==== Data to process ====

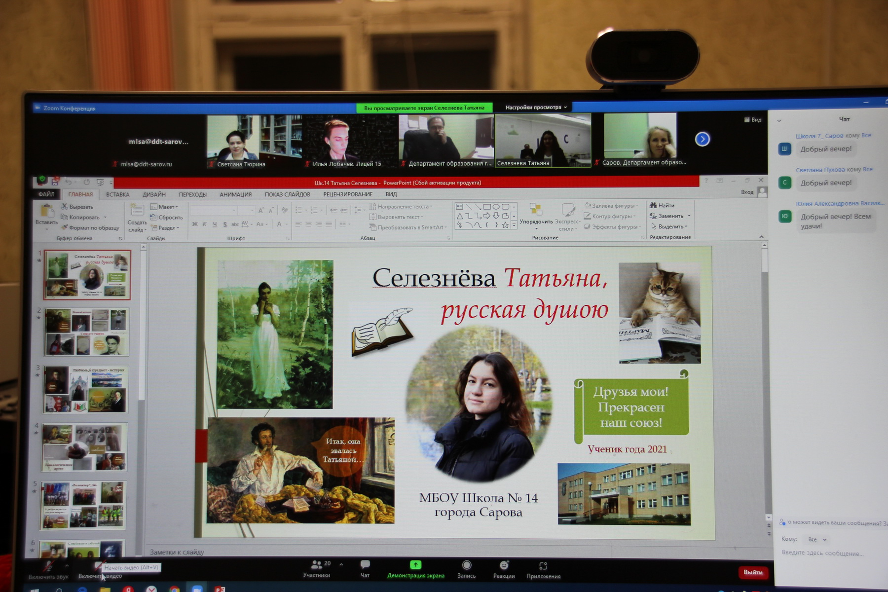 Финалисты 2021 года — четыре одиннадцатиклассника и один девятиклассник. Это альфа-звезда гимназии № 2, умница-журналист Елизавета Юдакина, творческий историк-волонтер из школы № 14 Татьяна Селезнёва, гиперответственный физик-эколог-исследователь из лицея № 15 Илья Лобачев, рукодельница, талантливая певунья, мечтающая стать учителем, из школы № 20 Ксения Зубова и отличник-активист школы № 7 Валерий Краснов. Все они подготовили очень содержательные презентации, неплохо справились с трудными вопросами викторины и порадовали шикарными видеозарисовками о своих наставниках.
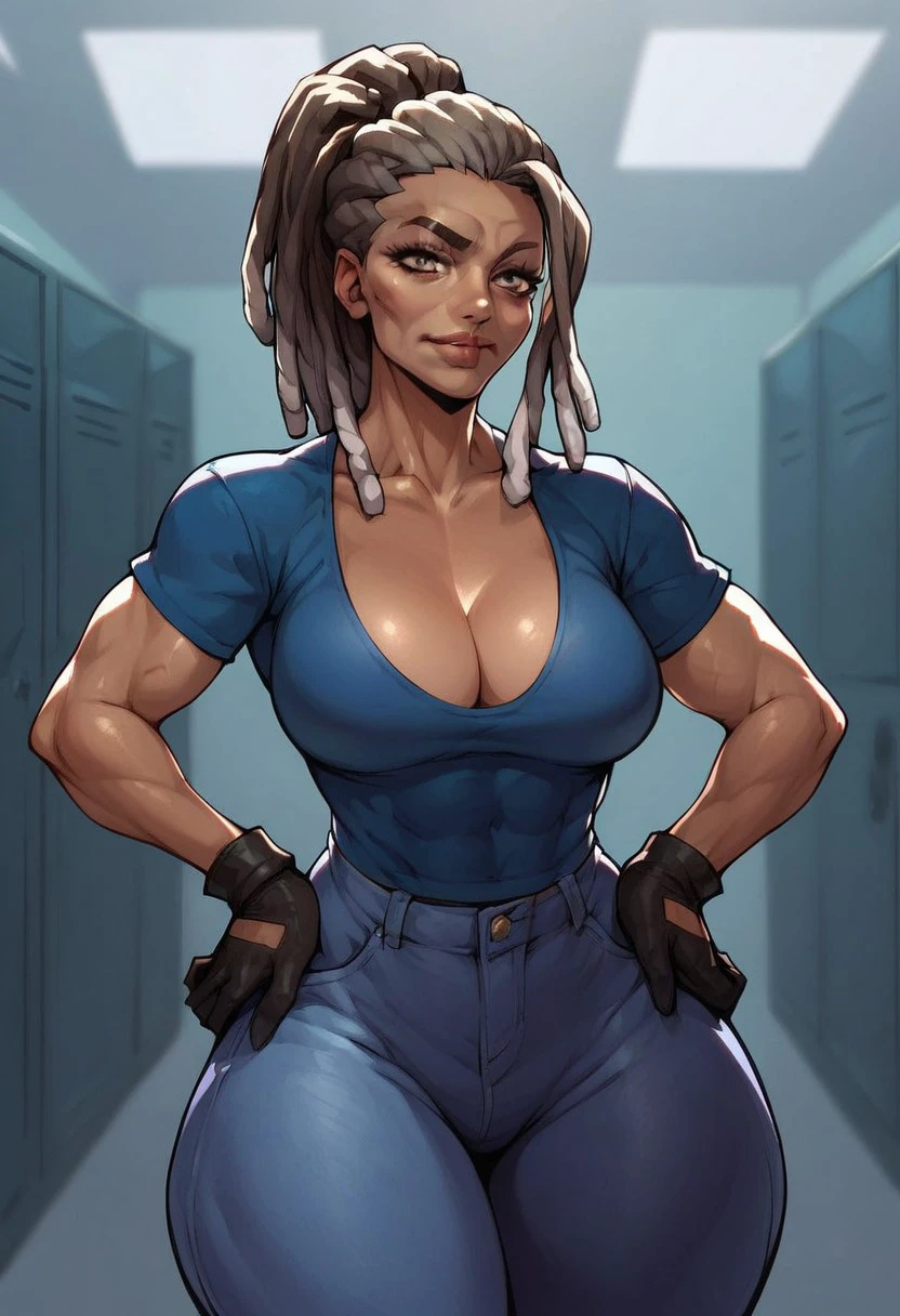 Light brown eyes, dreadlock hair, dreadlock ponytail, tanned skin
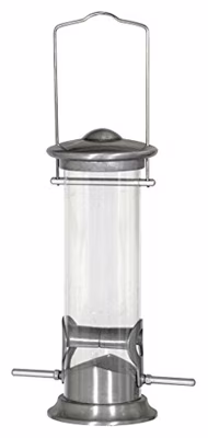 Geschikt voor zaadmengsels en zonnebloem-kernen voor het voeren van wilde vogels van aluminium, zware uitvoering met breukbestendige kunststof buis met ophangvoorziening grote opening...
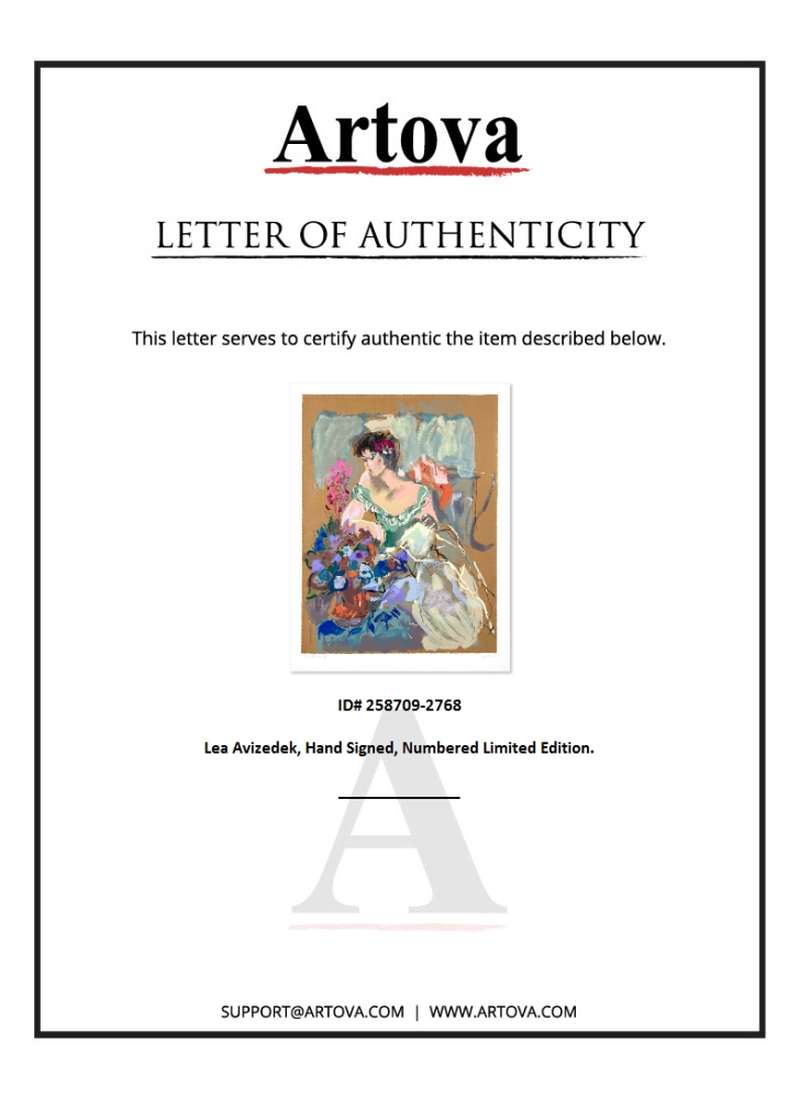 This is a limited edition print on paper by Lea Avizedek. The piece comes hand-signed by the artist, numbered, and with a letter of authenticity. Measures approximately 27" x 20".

====
==== Data to process ====

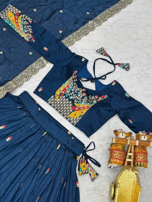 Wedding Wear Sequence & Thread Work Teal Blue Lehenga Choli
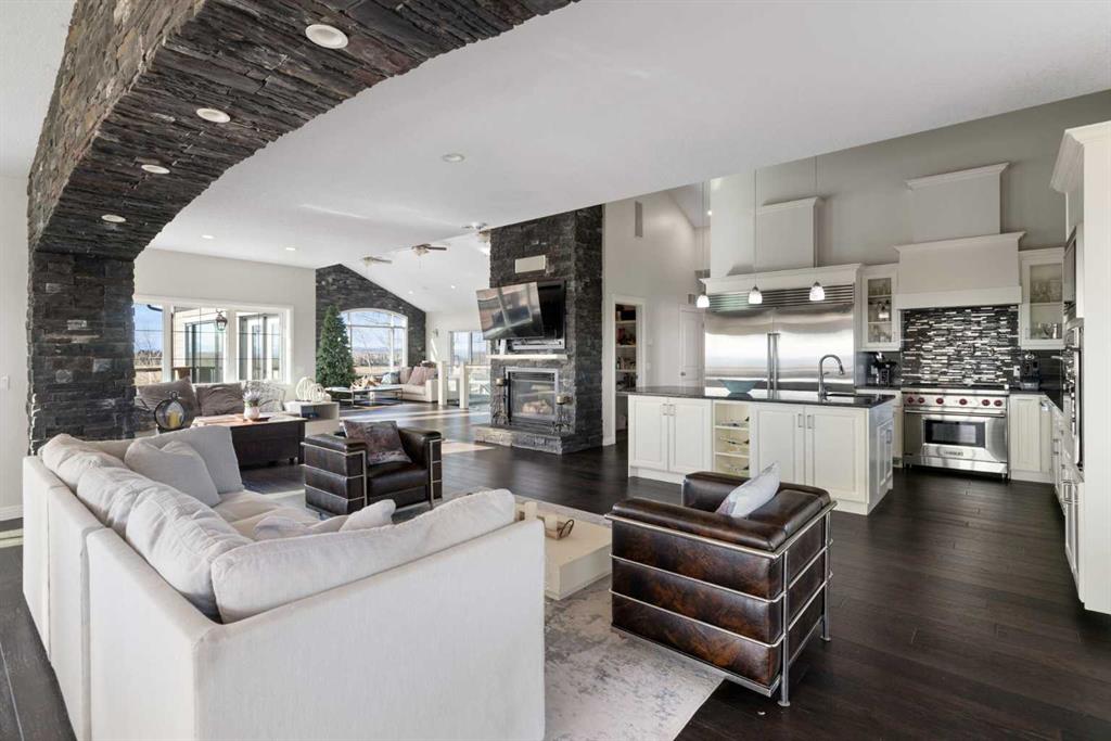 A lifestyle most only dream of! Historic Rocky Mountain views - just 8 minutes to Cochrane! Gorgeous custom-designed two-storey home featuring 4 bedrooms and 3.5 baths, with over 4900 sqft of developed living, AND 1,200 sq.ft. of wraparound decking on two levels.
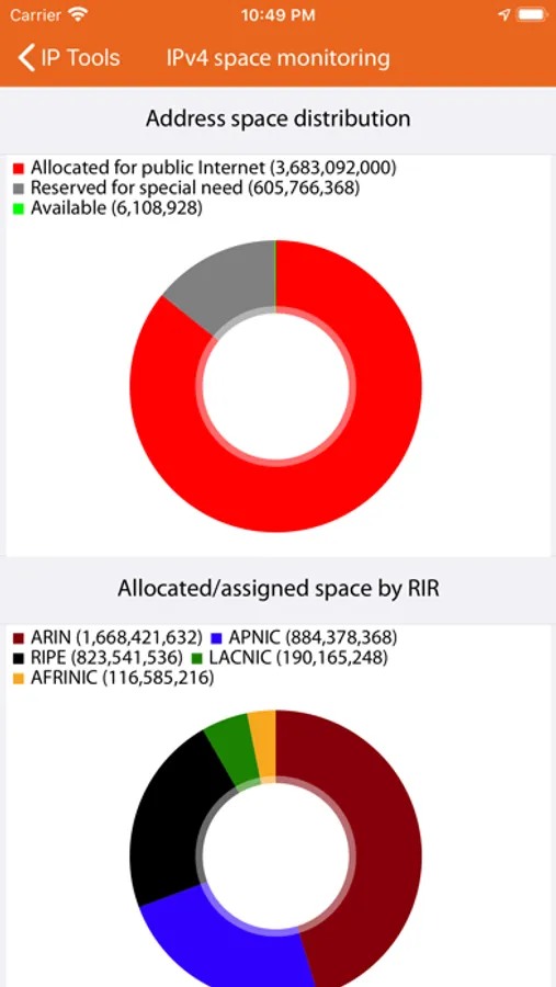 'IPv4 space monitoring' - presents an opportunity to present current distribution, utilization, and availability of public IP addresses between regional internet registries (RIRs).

====

Exercise details: Output exactly the lines above, beginning at the one with "Финалисты 2021 года" and stopping after the one with "Geschikt voor zaadmengsels". Pictures are to be omitted.

Response to the task:
 Финалисты 2021 года — четыре одиннадцатиклассника и один девятиклассник. Это альфа-звезда гимназии № 2, умница-журналист Елизавета Юдакина, творческий историк-волонтер из школы № 14 Татьяна Селезнёва, гиперответственный физик-эколог-исследователь из лицея № 15 Илья Лобачев, рукодельница, талантливая певунья, мечтающая стать учителем, из школы № 20 Ксения Зубова и отличник-активист школы № 7 Валерий Краснов. Все они подготовили очень содержательные презентации, неплохо справились с трудными вопросами викторины и порадовали шикарными видеозарисовками о своих наставниках.
 Light brown eyes, dreadlock hair, dreadlock ponytail, tanned skin
 Geschikt voor zaadmengsels en zonnebloem-kernen voor het voeren van wilde vogels van aluminium, zware uitvoering met breukbestendige kunststof buis met ophangvoorziening grote opening...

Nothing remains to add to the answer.